BRIEF | For the listing below, output exactly the lines from the line with "Rebel metal cluster" up to and including the line with "走访调研中,谢长远对企业的大", and no other lines.

RECORDS SHOWN |
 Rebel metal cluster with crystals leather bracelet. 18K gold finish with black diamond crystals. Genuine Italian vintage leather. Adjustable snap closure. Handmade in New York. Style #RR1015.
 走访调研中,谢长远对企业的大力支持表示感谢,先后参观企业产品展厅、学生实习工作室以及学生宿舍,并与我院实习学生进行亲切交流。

--

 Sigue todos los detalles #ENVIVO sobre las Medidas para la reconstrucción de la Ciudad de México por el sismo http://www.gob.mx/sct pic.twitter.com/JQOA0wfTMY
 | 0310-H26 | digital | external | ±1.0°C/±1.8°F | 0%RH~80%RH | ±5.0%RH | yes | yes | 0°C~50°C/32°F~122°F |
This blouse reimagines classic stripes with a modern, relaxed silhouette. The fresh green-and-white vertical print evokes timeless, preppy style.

SOLUTION TO THIS PROBLEM |
 Rebel metal cluster with crystals leather bracelet. 18K gold finish with black diamond crystals. Genuine Italian vintage leather. Adjustable snap closure. Handmade in New York. Style #RR1015.
 走访调研中,谢长远对企业的大力支持表示感谢,先后参观企业产品展厅、学生实习工作室以及学生宿舍,并与我院实习学生进行亲切交流。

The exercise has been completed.